In theory, under IDEA, parents are equal participants in decision-making, have the rights to access all records and to obtain independent assessments of their children. Unfortunately, the reality is that many parents are unaware of these rights, are ill-prepared to exercise them, and lack the financial resources to retain attorneys or obtain independent evaluations. In addition, at PPT meetings, where they are vastly outnumbered by school staff who often speak in acronyms and phrases that parents do not understand, parents can easily be intimidated and confused. This imbalance of knowledge, education, status and power is especially unfair to undereducated parents. Moreover, most parents lack the means to hire the expertise needed to understand the schools’ assessments and to determine whether or not the schools’ proposed programs and placements are appropriate. Such expenses are not reimbursable even if the parents win on all the issues presented at a due process hearing.
On the other hand, the schools already have the experts on their payroll and have the resources to retain attorneys to confront parents at hearings, which makes the process even more unequal. Usually, in educational disagreements, hearing officers presume educators to be more knowledgeable than parents about a student’s needs. Moreover, the districts either have on staff or are able to hire the experts to whom hearing officers give deference. Unfortunately, financial considerations often provide school districts with a perverse incentive not to provide the services and supports necessary for a special education student to make meaningful educational progress; hence their desire to shift the burden to the parents.
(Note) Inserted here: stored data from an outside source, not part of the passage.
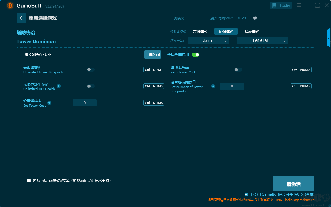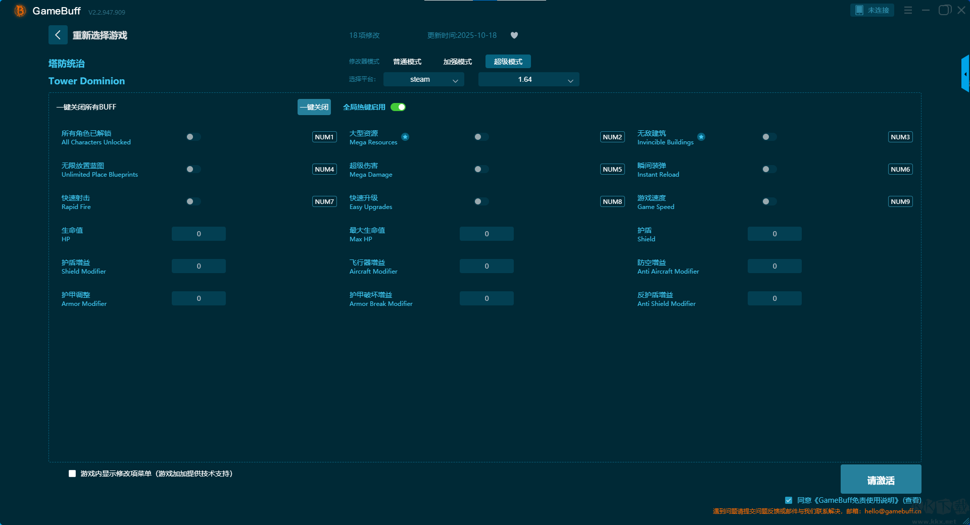塔防统治三项修改器pc重置版是一款专业且强大的游戏辅助工具。玩家可在游戏中一键开启所有角色已解锁、无限放置蓝图、快速射击、生命值、护盾增益、护甲调整、大型资源等十八项超级模式修改功能。这款修改器还支持在steam平台游玩使用。需要的小伙伴快来KK下载站下载体验一下吧。
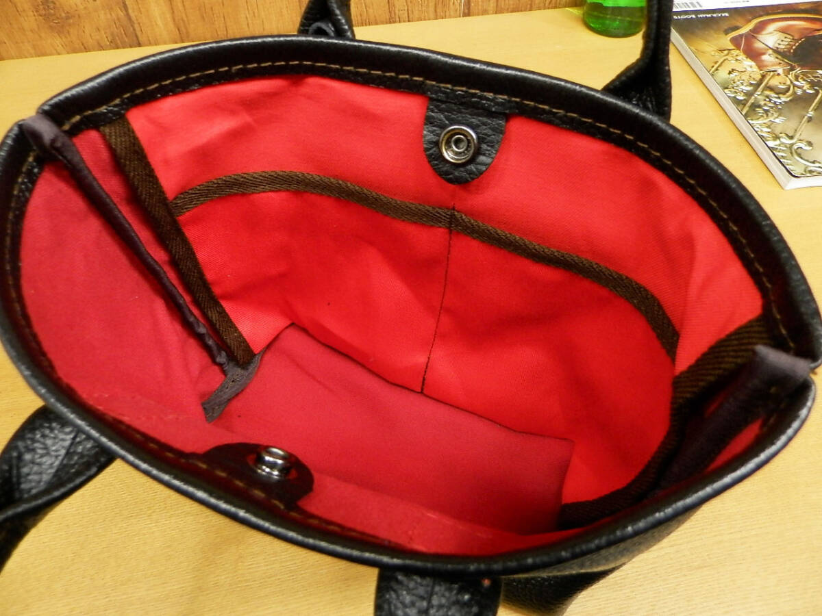 ☆XSサイズ☆黒シュリンクレザー×赤裏地のミニトートバッグ姫路レザー日本製ハンドメイド本革 牛革 カスタム
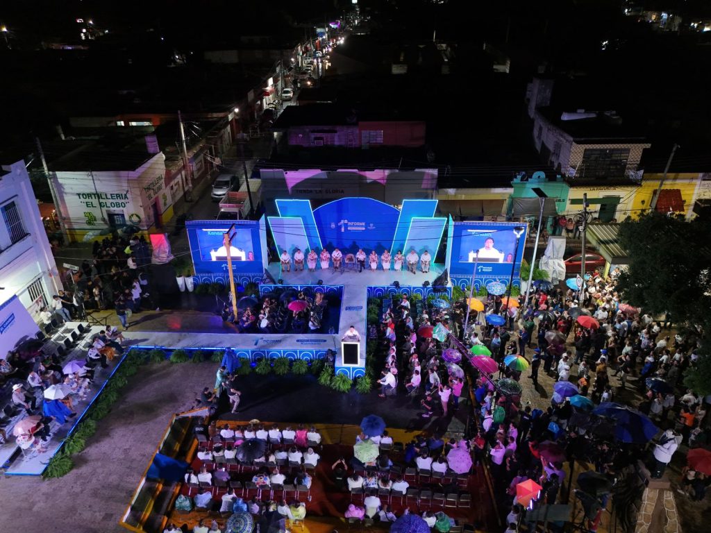 KANASÍN, Yuc., 30 de agosto 2025.- Ante cientos de familias de Kanasín, y a pesar de una pertinaz lluvia, el alcalde Edwin Bojórquez Ramírez presentó la noche de ayer viernes su Primer Informe de Resultados del periodo 2024-2027, destacando que su administración trabaja para que “nuestros niños y jóvenes alcancen sus sueños y aspiraciones; para que Kanasín siga progresando, pero sobre todo para fortalecer el núcleo base de este municipio que es la familia”.

In 2005, the United States Supreme Court ruled in Schaffer v. Weast, that the BOP is on the party making the complaint (more often than not, the parents). However, the Supreme Court did not overrule States that have their own laws and regulations on BOP. The result is that Schaffer v. Weast only applies to states that have not addressed the BOP issue.
After the Schaffer v. Weast decision, Connecticut’s Commissioner of Education issued a statement that “the standard in Connecticut articulates a valid state policy that school districts are in a better position to defend the appropriateness of an IEP [Individualized Educational Plan].” Shifting the burden to the parents would overturn settled Connecticut policy on this matter.
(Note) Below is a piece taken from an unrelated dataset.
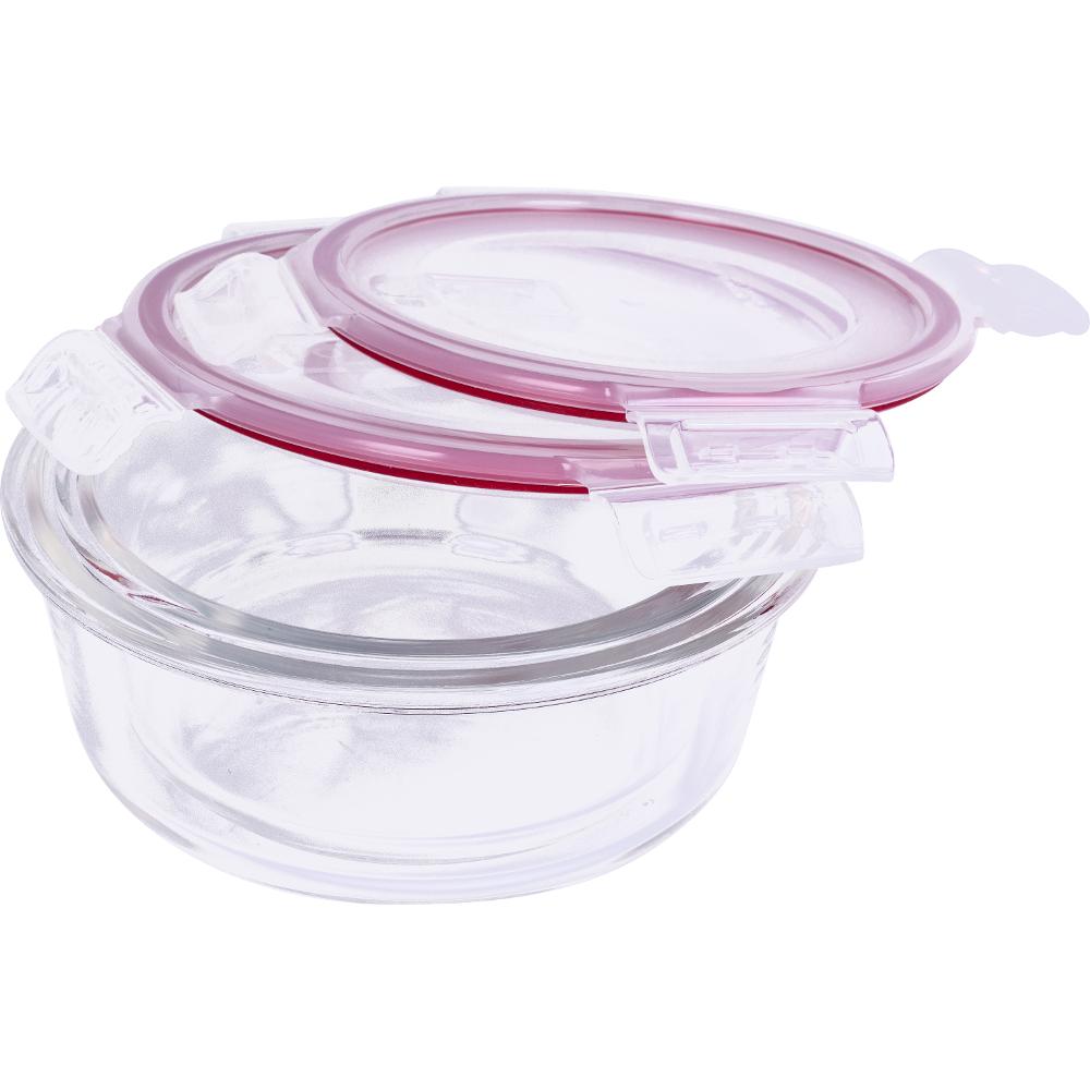 Πρακτικό και αξιόπιστο σετ δοχείων για αποθήκευση και μεταφορά φαγητού, κατασκευασμένο από ανθεκτικό γυαλί και πλαστικό με σφραγίδα καπακιού σιλικόνης υψηλής ποιότητας – αεροστεγές και αδιάβροχο. Διαθέτει βαλβίδα για αερισμό και αφύγρανση του φαγητού. Το φαγητό παραμένει φρέσκο για περισσότερο χρόνο, διατηρώντας το άρωμά του, ενώ δεν διαρρέει κατά τη μεταχείριση. Κατάλληλο για ψυγείο, καταψύκτη, φούρνο μικροκυμάτων και πλυντήριο πιάτων, αντέχει σε θερμοκρασίες από -20°C έως 110°C. Προσοχή: χειριστείτε τα γυάλινα προϊόντα με προσοχή, μην χρησιμοποιείτε το προϊόν αν είναι ραγισμένο. Διαστάσεις Ø 158 mm x 70 mm και Ø 180 mm x 76 mm, όγκος 600 ml και 950 ml, χρώμα διάφανο/κόκκινο.

It is noteworthy that the Connecticut State Department of Education’s (SDE) pending revisions to its regulations do not include shifting this burden to the parents. There are 195 school districts in Connecticut. According to the SDE’s statistics, schools rarely incur the cost of a full due process hearing as fewer than 40 cases per year go through a full hearing. Currently, schools win about 67% of due process decisions and parent less than 30%, and the balance are split decisions. Unfairly imposing the burden of proving the inappropriateness of the schools’ program and placement will further hinder parents in protecting their children’s rights to a FAPE. Furthermore, IDEA protects school districts from parents who file unfounded complaints by permitting them to recover their legal fees in such cases from the parents and/or attorneys who file them.